Buildings can only be accessed by employee cards and banks are under camera surveillance. Like many businesses dealing with sensitive information, these organizations shred whatever is printed.
Customers typically need to use a password or other identifying information before making transactions. Suzanne Alexander Ryan, a spokesperson for JPMorgan Chase, says the company uses a variety of technologies and techniques to ensure security.
“We are very serious about safeguarding our customers’ personal information online,” Ryan says. “As a security measure, customers may access their account information online from the Chase website only if they have registered to do so. Chase Online Banking uses Secure Sockets Layer (SSL) technology to encrypt personal information such as user IDs, passwords and account information over the Internet. Any information we send to customers is scrambled en route and decoded once it reaches their browser.”
She says the company also encrypts any email correspondence between customers and the bank through its secure message center.
“We ask that customers do not send us confidential information, such as Social Security numbers or account numbers, through an unsecured email,” she says. “They should send such communications to us through postal mail, phone or by visiting one of our branches.”
Jason Menke, vice president of communications for Wells Fargo’s Digital Channels Group, says the bank carefully polices its online and mobile banking.
“If we are suspicious of any online behavior, we may restrict online access to accounts or prevent certain types of transactions,” he says. “These measures safeguard a customer’s identity and accounts. Further proof of identity may be required before online access is restored.”
The company offers an Online Security Guarantee that promises to reimburse customers 100 percent of the loss in the event that an unauthorized party removes funds from a customer’s accounts through Wells Fargo’s online services.
Online banks and tech apps
As consumers have turned to new technologies to manage their money, new online banks and financial tech apps have had to be as secure as banks regarding privacy and data protection.
“Protecting customer data is obviously a critical element of our business,” says Ben Katz, CEO and founder of startup Card.com. “First, we use industry-standard best practices in the creation of our website and infrastructure, encrypting information where appropriate. Peer review is also an integral part of our architecture and development processes.”
Peer review means any change to Card.com is reviewed by at least one other person in addition to the developer who made the change. Changes could include bug fixes or a new feature on the site.
Katz says the company also partners with the same processing providers used by institutions like Wells Fargo and Citibank, to manage transactions in a secure and efficient manner.
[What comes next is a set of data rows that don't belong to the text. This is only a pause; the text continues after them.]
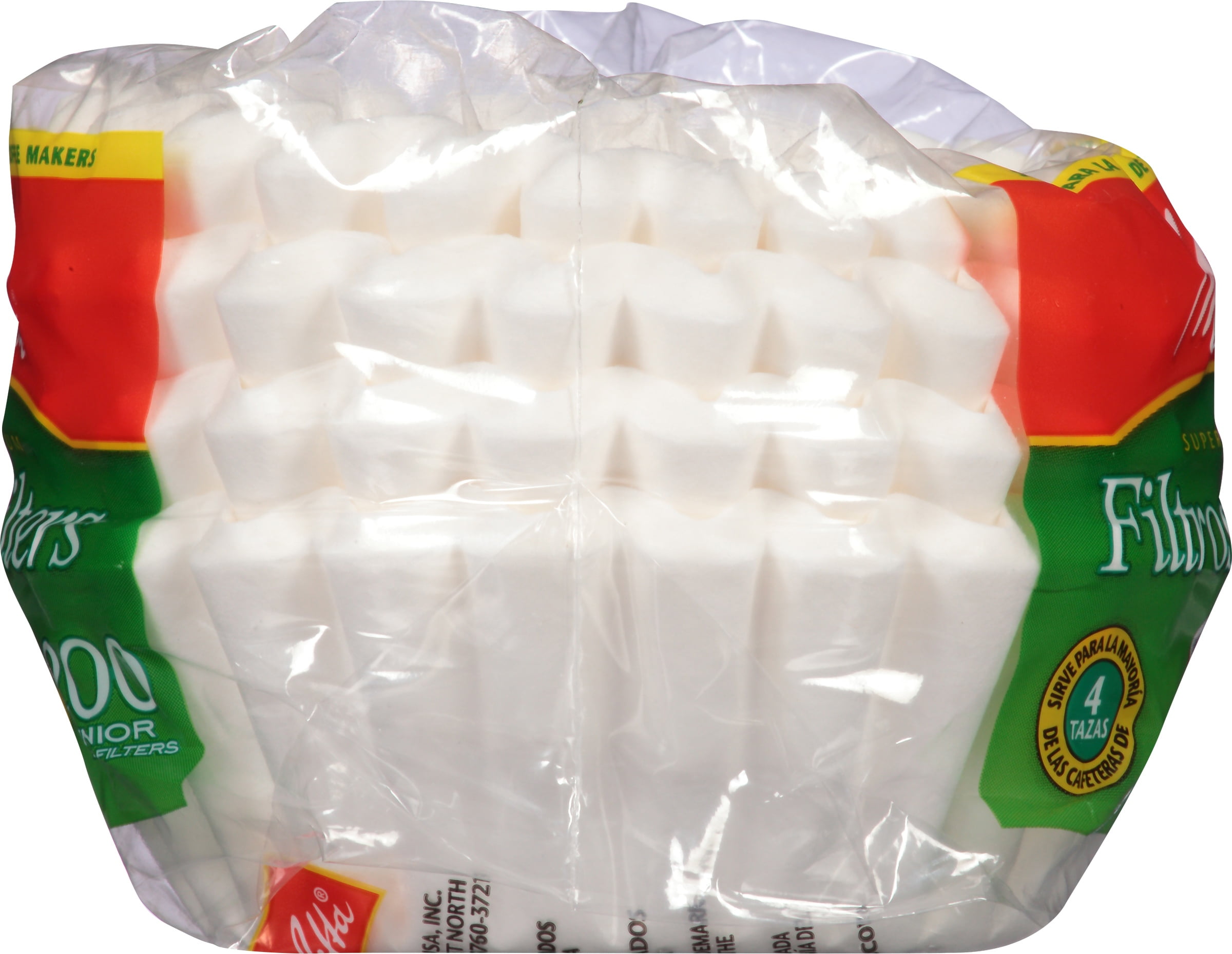 200 Ct Junior White Basket Coffee Filter 4-6 Cup White Basket Filter. Melitta cone filters are made with only oxygen cleansed paper and designed with a 2nd safety crimp for strength and durability, guaranteed not to burst.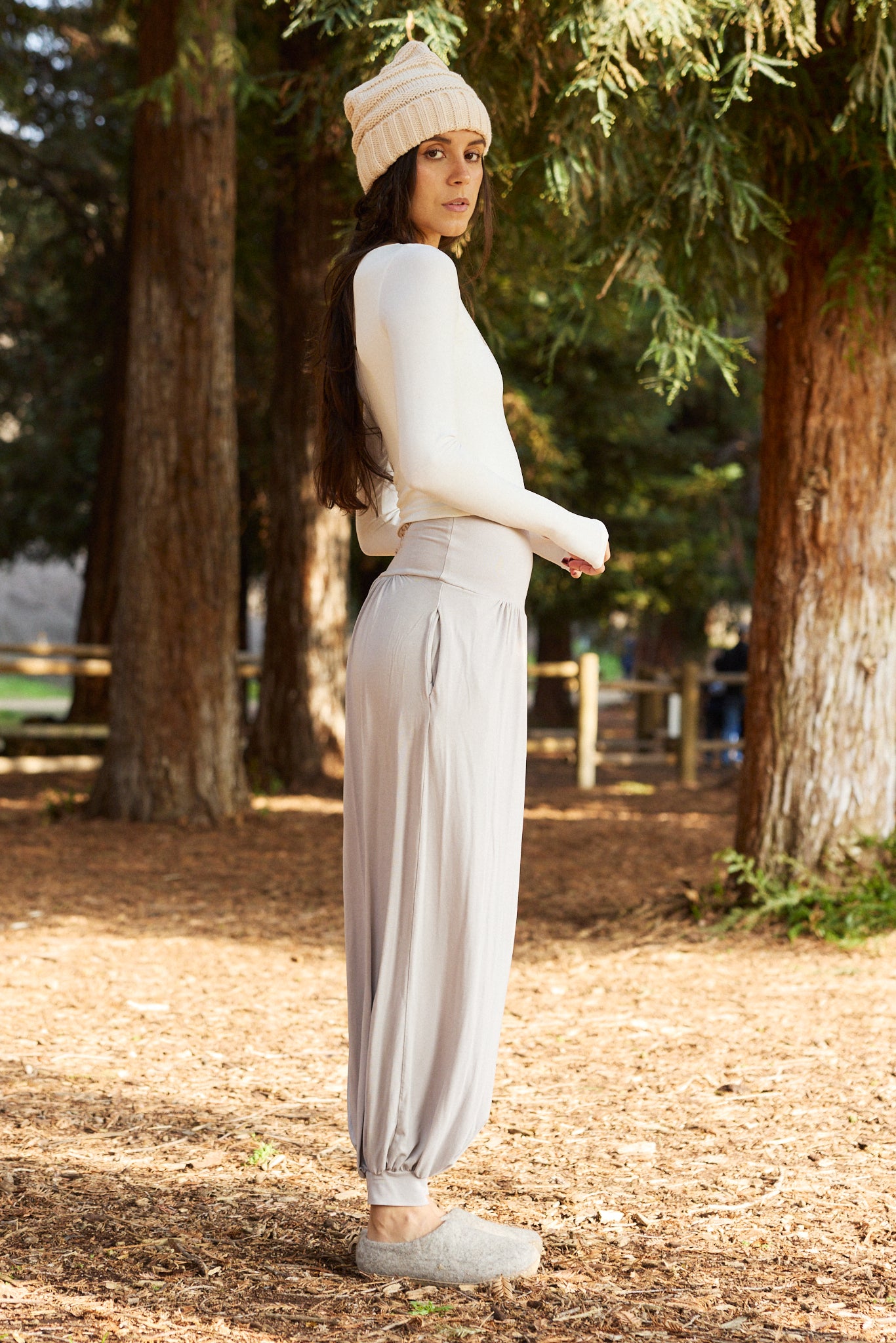 Every piece is made from premium, plant-based or naturally derived fibers selected for softness, breathability, and comfort. Many of our fabrics include TENCEL™ lyocell or other sustainable blends made in small batches. Each garment is dyed and finished in Los Angeles, giving it that signature Purusha feel that is buttery, lived in, and completely unique.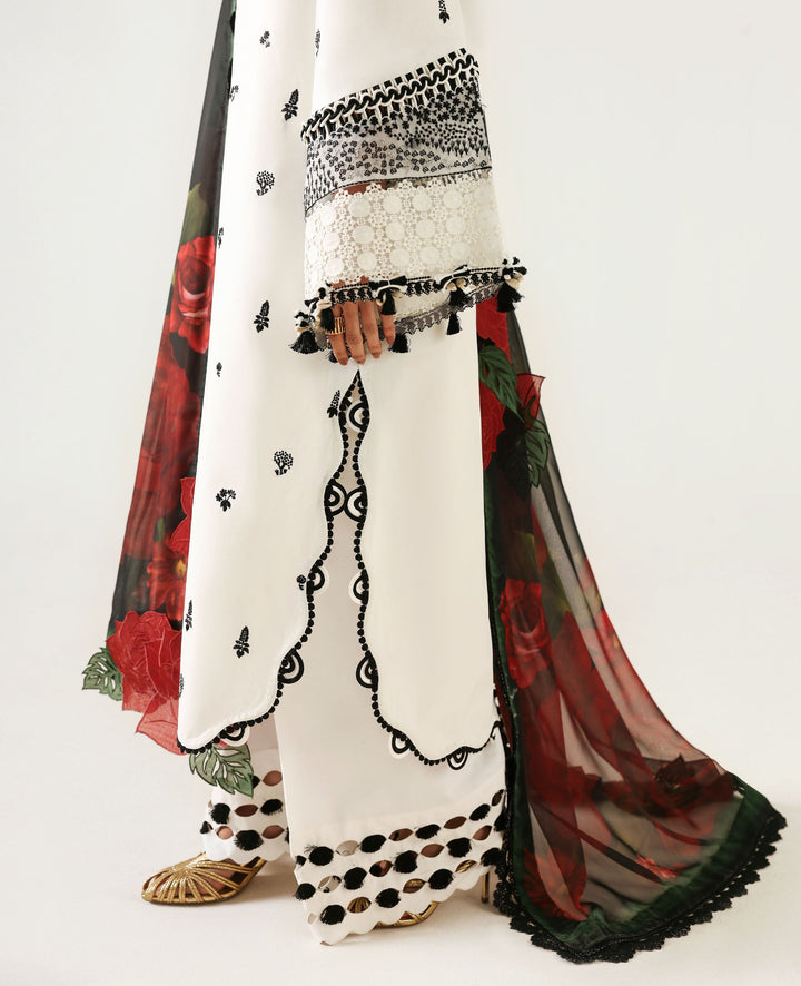 White lawn shirt adorned with delicate black floral embroidery featuring a prettily embroidered neckline and an exquisitely detailed organza border on the sleeves. Paired with a striking black dupatta highlighted by bold red rose motifs, this outfit blends elegance with a refined, statement finish.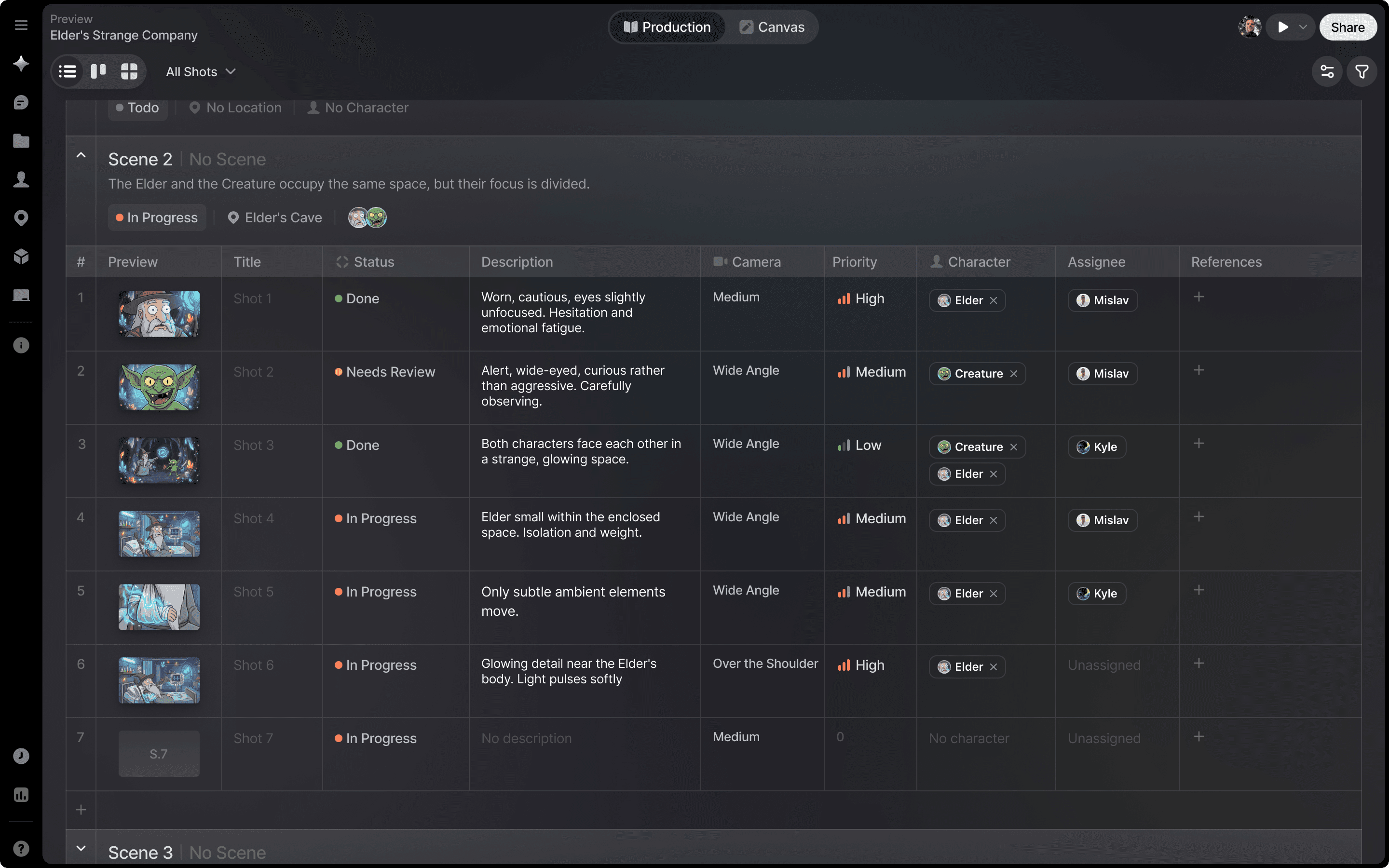 Save Characters, Props, Locations and assets to ensure storytelling consistency across episodes and seasons.

“Segmenting the data like this helps reduce the risks of possible security breaches or accidental exposure, protecting ourselves as a company, but most importantly protecting our card users’ private data from exposure,” he explains.
Segmenting data involves separating data by financial purpose, analysis and customer relationship. The information is separated on different servers and even kept in different data centers. Bank employees have access only to data that they require to do their jobs.
“When a marketing person or a data scientist works with data, they simply don’t have access to information beyond what they absolutely need.”
Small, startup financial institutions often have to work harder to protect information, meaning they spend more of their overall income or initial startup capital to ensure that their company is not sunk by a single data infraction.
“We have to try to rise up to their [large banks’] level of data protection with a much smaller budget,” Katz says.
Yet Katz says that his organization’s smaller size gives it one advantage.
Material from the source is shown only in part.